Tunnel Qualification
The sterilization process in a chamber or a hot air tunnel is critical, and regular validation is required.
Validation is defined as the documented procedure of obtaining, recording and interpreting results to ensure that the dry heat sterilization process has been consistently effective.
To qualify such devices, various pharmacopoeias require depyrogenation devices to be periodically challenged with high levels of bacterial endotoxin.
Although the pharmacopoeias state the acceptance criteria, little consideration is given to the practical approach.
1.DQ Design Qualification means showing that a piece of technology – a device, apparatus, machine or system – has a GMP-compliant design.
2.IQ Installation Qualification means showing it is set up, connected and installed as planned.
3.OQ Operational Qualification means showing it works as intended in all respects
4.Performance Qualification (PQ) is the final step of qualifying equipment.

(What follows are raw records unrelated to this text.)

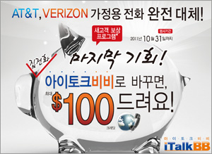 가입 및 프로모션 안내:1-800-872-2902 또는 웹사이트www.Korea.iTalkBB.com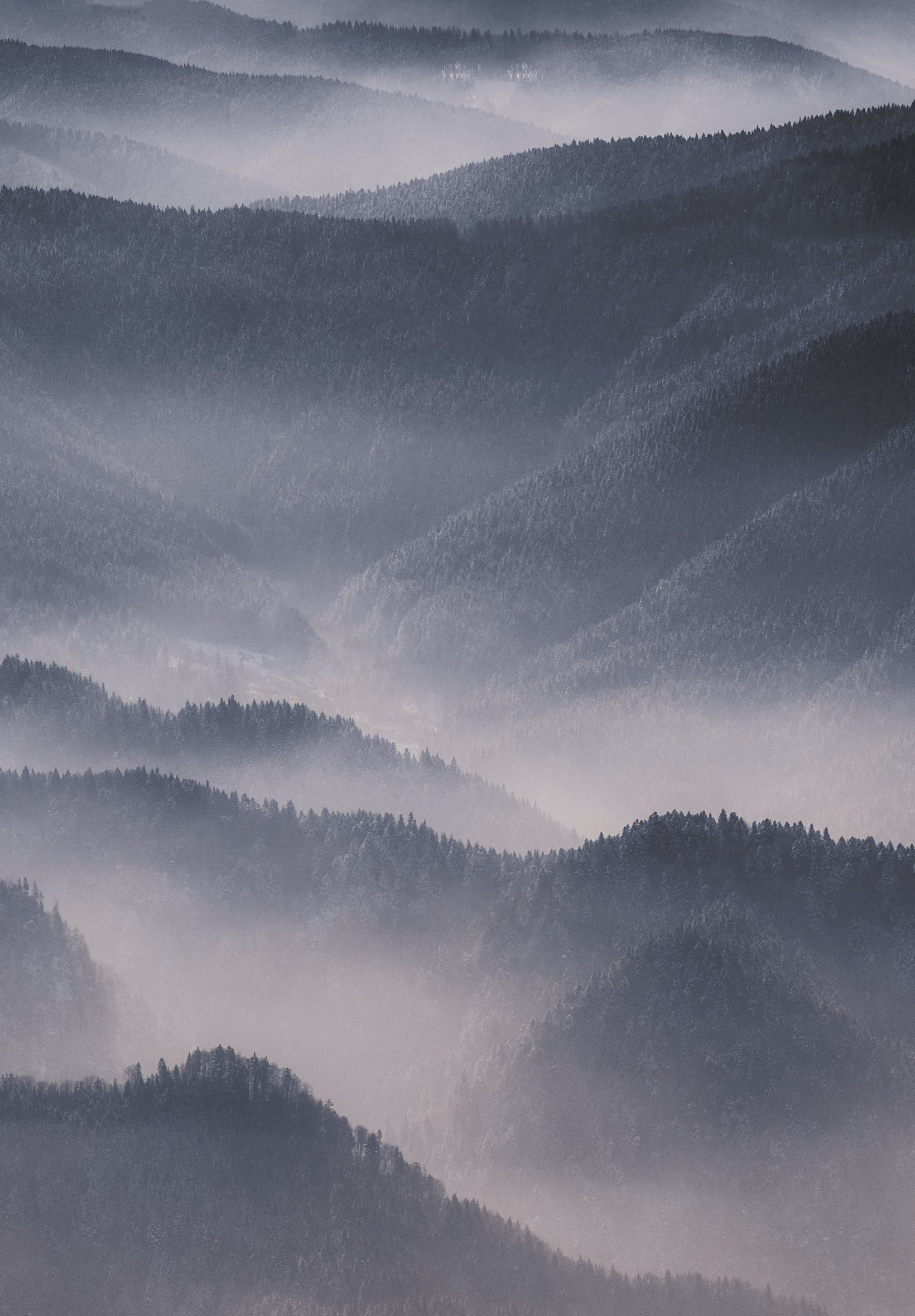 Обои: холмы в тумане - 1640x2360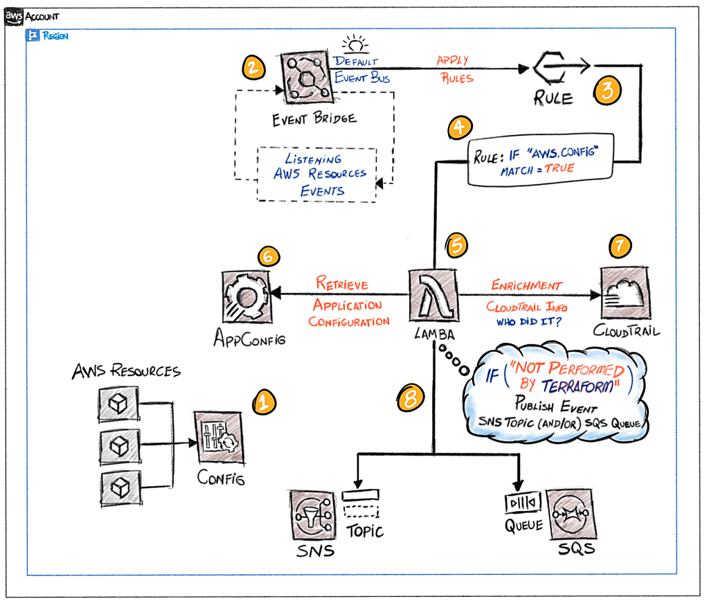 - Finally, if the Configuration Item Change launch by the AWS Config, end up being confirmed by our Lambda function as not performed by Terraform, we send a notification (we snitch) to an SNS Topic (or/and whatever else we want).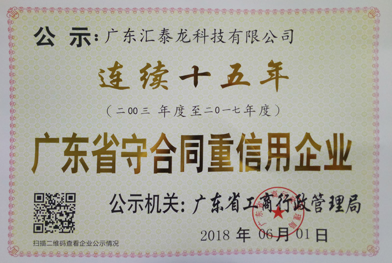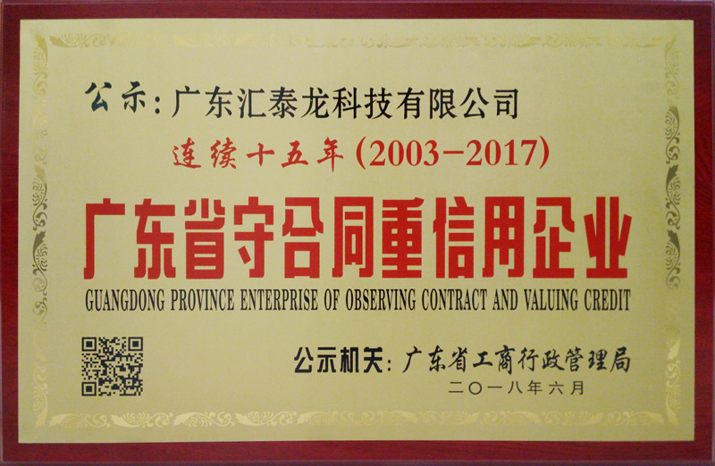 日前,經廣東省工商行政管理局嚴格審核并予公示,廣東匯泰龍科技有限公司被授予“連續15年(2003-2017)廣東省守合同重信用企業”榮譽稱號。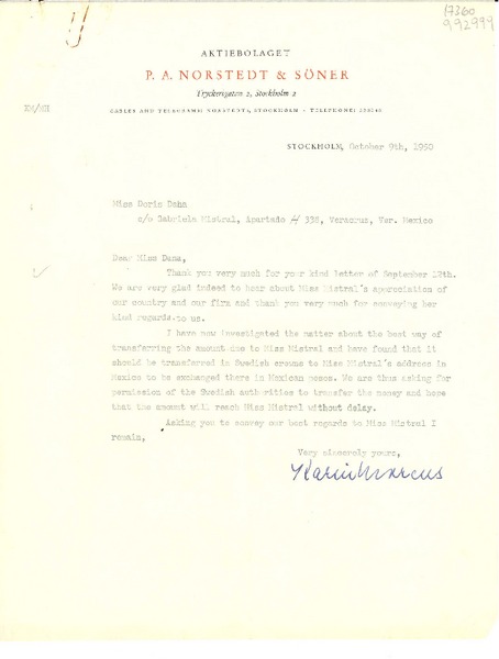 [Carta] 1950 Oct. 9, Aktiebolaget P. A. Norstedt & Soner, Tryckerigatan 2, Stockholm 2, [Sweden] [a] Miss Doris Dana, co Gabriela Mistral, Apartado 338, Veracruz, Ver., Mexico [manuscrito] / Karin Marcus.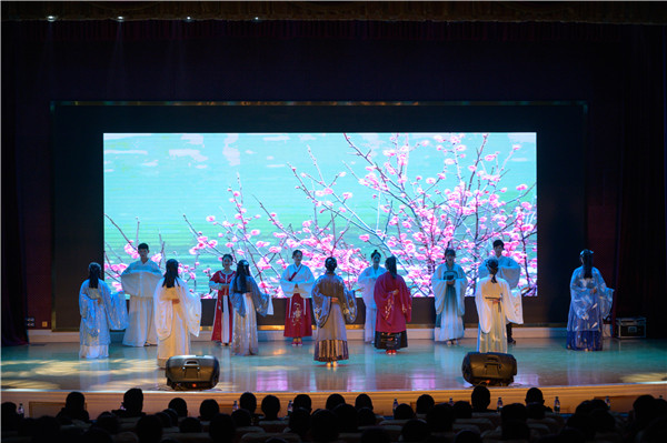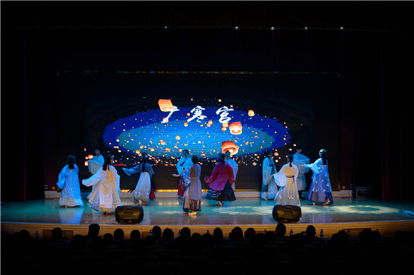 隨后漢服社帶來的服裝秀《廣寒宮》,輕盈的步伐、迷人的微笑,華麗的服飾展示了光芒璀璨的中華傳統(tǒng)文化。

In this phase, the qualification and validation team verifies and documents that the user requirements are verified as being met
To ensure that heat is sufficiently penetrating into the inner most portion of the vial subjected for sterilization and depyrogenation to achieve desired temperature during the sterilization and depyrogenation cycle.
The recovery of endotoxin concentration after exposing to depyrogenation tunnel should show more than 3 log reduction.
Get 9 of 10 spiked vial with 10,000 EU/vial of bacterial endotoxin from microbiology.
Place minimum 10 number of probes, one probe each inside the endotoxin spiked 8 vials and 3 without spiked vials at the junction of the bottom of the container and side wall.
The containers inner surface should be in contact with the probe because for sterilization and depyrogenation of the inner walls of the container as well as inner space.
Tie the probes firmly with the vial and place these vial inside the washed vial load.
Use zig to hold the spiked vials containing probes in place, as vial travel through the tunnel.
Set the temperature/cycle condition as per set parameter.
Record the set parameter for the sterilization cycle operated during test.
Operate the tunnel and pass the endotoxin spiked vials along with the washed vials as per SOP and start the data logger to record the actual temperature inside within the
sterilization zone
Acceptance Criteria
All temperature measured in the chamber is ≥ 3000C.
The recovery of endotoxin concentration after in sterilization and depyrogenation should at least 3 log reductions
Conclusion
Depyrogenation forms part of a critical process in many pharmaceutical production facilities,
particularly where glass vials and bottles are required for aseptic filling operations.
The number of validation runs is commonly set at three in order to demonstrate reproducibility, but this number is not fixed.
The frequency of re-validation is to be determined by the user based on risk assessment.